- _Task instructions_:
Span requested from the data below: the line with "고스피어 GOSPHERES WOMAN" through the line with "3. This sphere", both included. Give only these lines again, exactly, and leave every picture out.

- _Supplied entries_:
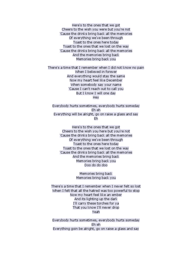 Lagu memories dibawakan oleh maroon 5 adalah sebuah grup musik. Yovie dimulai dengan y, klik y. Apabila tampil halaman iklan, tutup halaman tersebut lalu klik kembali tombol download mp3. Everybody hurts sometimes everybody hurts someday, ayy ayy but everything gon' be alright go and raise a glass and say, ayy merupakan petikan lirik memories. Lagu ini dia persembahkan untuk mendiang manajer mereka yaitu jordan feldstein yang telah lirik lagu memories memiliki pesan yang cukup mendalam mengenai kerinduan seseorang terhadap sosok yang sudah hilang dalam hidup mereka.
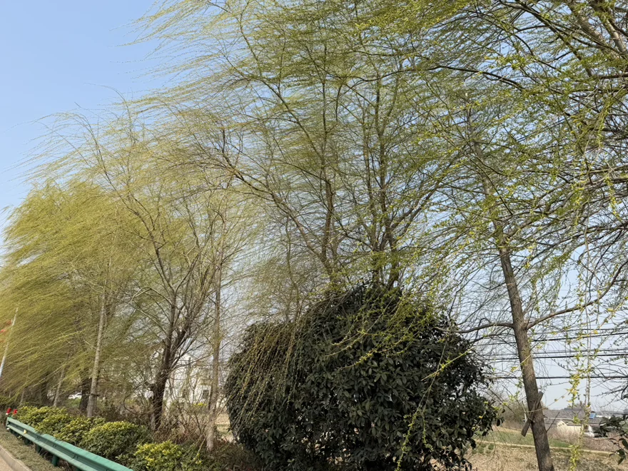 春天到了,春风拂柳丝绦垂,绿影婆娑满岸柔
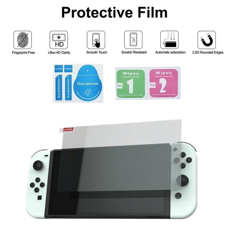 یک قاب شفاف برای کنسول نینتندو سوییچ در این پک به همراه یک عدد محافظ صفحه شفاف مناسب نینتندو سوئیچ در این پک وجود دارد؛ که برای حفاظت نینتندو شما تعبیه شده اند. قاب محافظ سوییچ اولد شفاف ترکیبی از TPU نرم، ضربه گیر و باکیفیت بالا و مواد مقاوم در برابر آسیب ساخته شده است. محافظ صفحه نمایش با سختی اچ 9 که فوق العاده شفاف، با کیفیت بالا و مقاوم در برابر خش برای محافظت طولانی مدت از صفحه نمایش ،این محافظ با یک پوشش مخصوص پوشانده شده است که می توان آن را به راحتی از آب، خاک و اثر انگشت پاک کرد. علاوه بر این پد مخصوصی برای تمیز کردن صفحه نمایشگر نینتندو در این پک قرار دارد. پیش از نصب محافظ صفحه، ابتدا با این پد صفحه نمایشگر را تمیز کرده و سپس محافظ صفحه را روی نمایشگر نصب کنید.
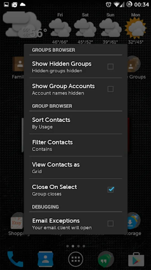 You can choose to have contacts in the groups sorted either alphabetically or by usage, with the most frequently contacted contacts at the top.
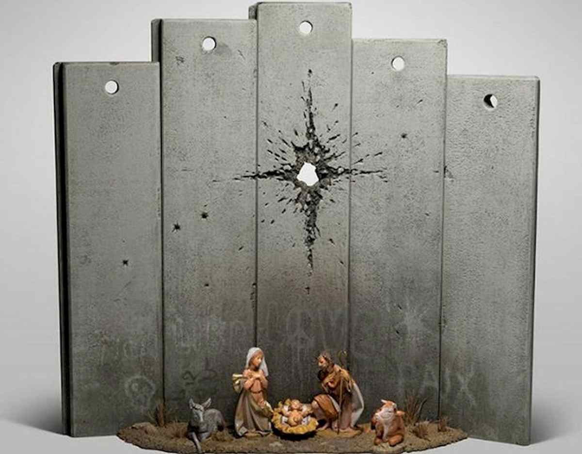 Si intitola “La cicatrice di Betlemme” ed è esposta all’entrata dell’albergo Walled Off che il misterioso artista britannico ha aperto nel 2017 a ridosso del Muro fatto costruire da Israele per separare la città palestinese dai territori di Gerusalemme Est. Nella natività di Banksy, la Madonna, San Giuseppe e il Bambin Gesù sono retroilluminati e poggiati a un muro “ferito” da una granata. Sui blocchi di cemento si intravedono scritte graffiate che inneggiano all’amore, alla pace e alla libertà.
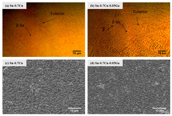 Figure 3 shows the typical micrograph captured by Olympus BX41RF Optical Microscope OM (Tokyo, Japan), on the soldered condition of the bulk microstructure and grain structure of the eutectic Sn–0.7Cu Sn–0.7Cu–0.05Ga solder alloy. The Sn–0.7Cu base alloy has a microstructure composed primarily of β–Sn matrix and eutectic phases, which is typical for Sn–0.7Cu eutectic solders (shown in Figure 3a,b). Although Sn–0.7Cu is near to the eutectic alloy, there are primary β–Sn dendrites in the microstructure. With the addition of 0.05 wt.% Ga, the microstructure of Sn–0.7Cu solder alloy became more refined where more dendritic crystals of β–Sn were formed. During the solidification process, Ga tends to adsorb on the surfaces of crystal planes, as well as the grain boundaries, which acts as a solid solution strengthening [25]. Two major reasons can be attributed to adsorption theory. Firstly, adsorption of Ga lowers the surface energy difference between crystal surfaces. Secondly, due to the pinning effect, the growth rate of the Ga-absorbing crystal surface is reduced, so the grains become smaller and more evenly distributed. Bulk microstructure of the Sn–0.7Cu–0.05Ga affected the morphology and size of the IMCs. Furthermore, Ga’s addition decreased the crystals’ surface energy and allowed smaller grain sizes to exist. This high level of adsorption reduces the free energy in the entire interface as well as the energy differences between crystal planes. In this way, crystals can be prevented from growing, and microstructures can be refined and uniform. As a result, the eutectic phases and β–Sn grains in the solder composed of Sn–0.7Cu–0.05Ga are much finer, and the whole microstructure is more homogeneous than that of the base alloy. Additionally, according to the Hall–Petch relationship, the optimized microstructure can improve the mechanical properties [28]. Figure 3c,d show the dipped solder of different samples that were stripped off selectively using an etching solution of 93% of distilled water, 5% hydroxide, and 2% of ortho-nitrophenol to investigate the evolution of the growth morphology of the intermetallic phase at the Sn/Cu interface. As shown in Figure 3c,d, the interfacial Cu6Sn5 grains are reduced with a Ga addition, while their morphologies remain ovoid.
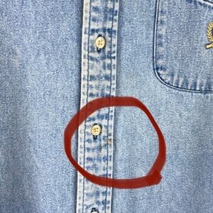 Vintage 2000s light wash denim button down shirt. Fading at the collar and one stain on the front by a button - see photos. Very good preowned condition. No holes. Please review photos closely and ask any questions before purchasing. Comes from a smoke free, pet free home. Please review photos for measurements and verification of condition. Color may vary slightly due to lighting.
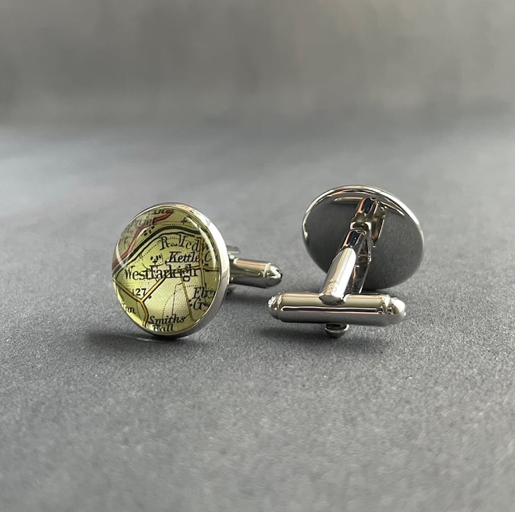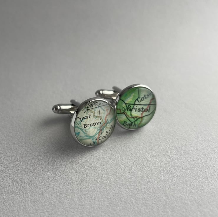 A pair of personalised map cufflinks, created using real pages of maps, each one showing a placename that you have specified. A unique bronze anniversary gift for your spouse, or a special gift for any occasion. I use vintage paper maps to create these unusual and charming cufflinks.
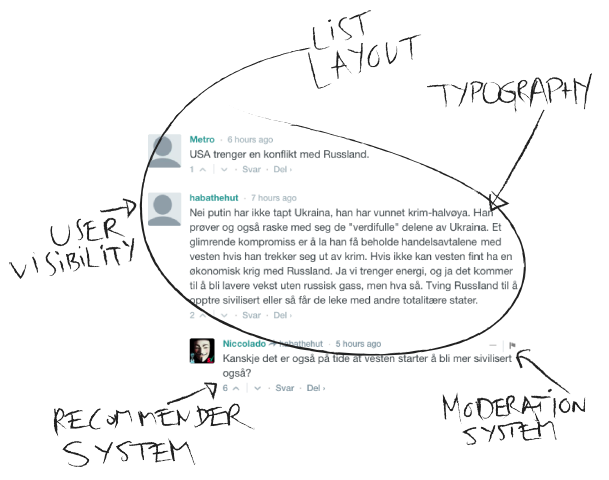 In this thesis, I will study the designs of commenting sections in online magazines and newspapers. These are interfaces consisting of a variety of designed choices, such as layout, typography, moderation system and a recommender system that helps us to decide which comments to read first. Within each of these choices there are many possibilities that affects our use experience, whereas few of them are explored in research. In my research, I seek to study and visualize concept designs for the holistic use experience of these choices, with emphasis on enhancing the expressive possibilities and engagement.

--

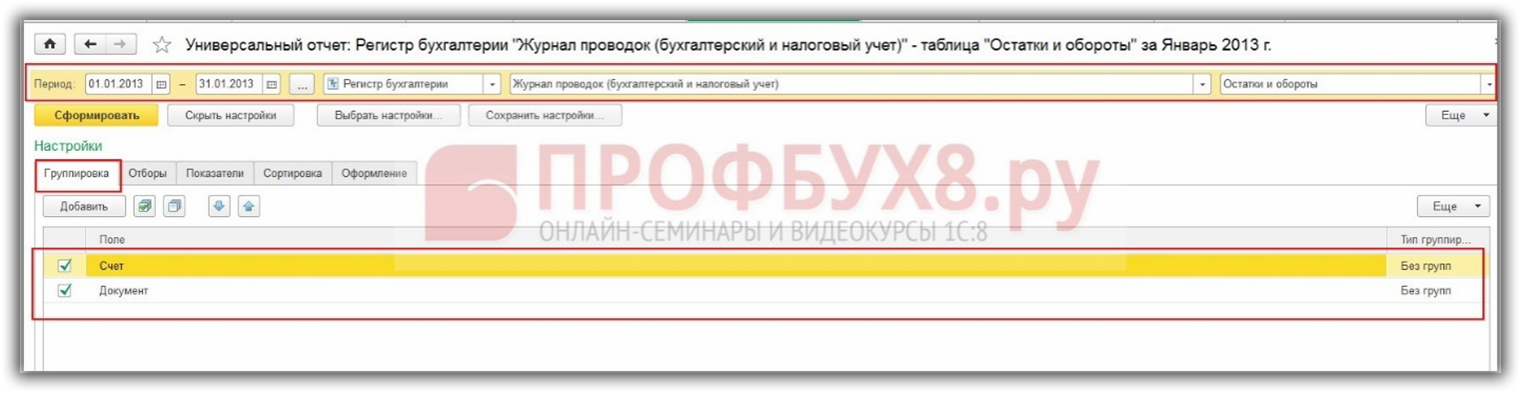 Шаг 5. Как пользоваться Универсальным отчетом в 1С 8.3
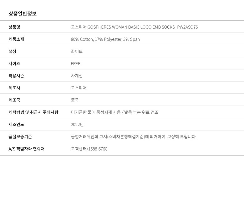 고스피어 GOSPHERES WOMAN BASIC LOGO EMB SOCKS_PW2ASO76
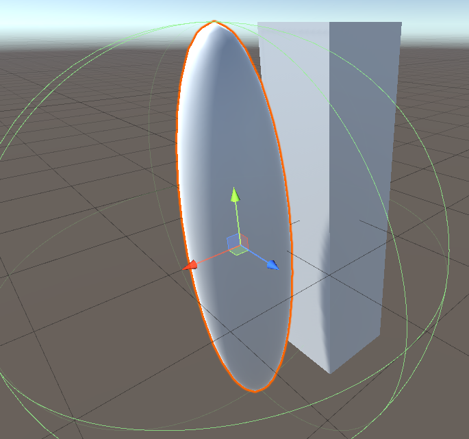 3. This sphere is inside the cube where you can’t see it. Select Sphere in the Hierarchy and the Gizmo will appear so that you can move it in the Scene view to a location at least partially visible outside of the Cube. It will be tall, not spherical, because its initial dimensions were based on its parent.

- _Answer space_:
 고스피어 GOSPHERES WOMAN BASIC LOGO EMB SOCKS_PW2ASO76
 3. This sphere is inside the cube where you can’t see it. Select Sphere in the Hierarchy and the Gizmo will appear so that you can move it in the Scene view to a location at least partially visible outside of the Cube. It will be tall, not spherical, because its initial dimensions were based on its parent.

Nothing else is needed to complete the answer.